The data:
== Segment start ==
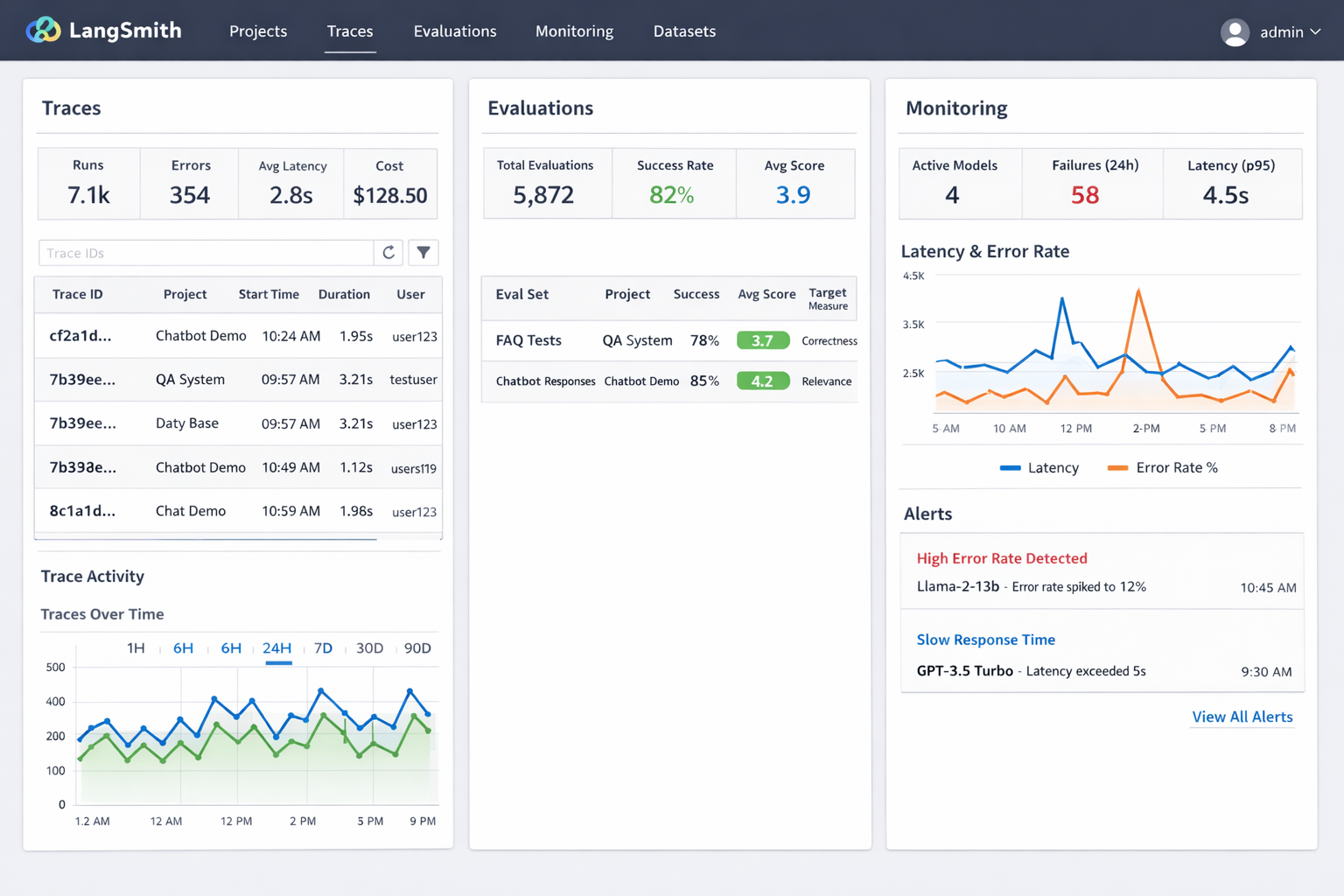 Production Monitoring Saves Businesses: The difference between a successful LLM application and a failed one often comes down to production monitoring. LangSmith's alerting and dashboard capabilities help you catch issues before they impact users.
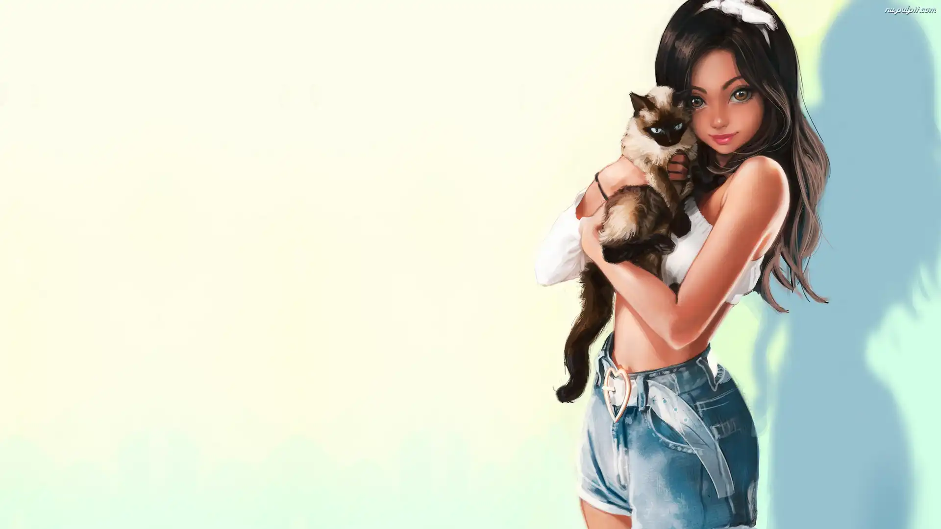 Grafika, Dziewczyna, Kot
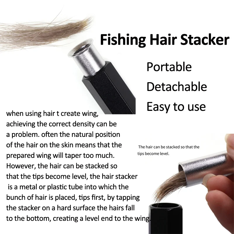 ●Cuando se usa cabello, crea alas, lograr la densidad correcta puede ser un problema.A menudo, la posición natural del cabello en la piel significa que el ala preparada se tapará demasiado.Sin embargo, el cabello se puede apilar para que las puntas queden niveladas, el apilador de cabello es un tubo de metal o plástico en el que se coloca el mechón de cabello, consejos primero, golpeando el apilador sobre una superficie dura los pelos caen hasta el fondo. creando un extremo nivelado al ala.
== Segment end ==
Your goal: Could you return the whole listing exactly, images excluded?

Exercise solution:
 Production Monitoring Saves Businesses: The difference between a successful LLM application and a failed one often comes down to production monitoring. LangSmith's alerting and dashboard capabilities help you catch issues before they impact users.
 Grafika, Dziewczyna, Kot
 ●Cuando se usa cabello, crea alas, lograr la densidad correcta puede ser un problema.A menudo, la posición natural del cabello en la piel significa que el ala preparada se tapará demasiado.Sin embargo, el cabello se puede apilar para que las puntas queden niveladas, el apilador de cabello es un tubo de metal o plástico en el que se coloca el mechón de cabello, consejos primero, golpeando el apilador sobre una superficie dura los pelos caen hasta el fondo. creando un extremo nivelado al ala.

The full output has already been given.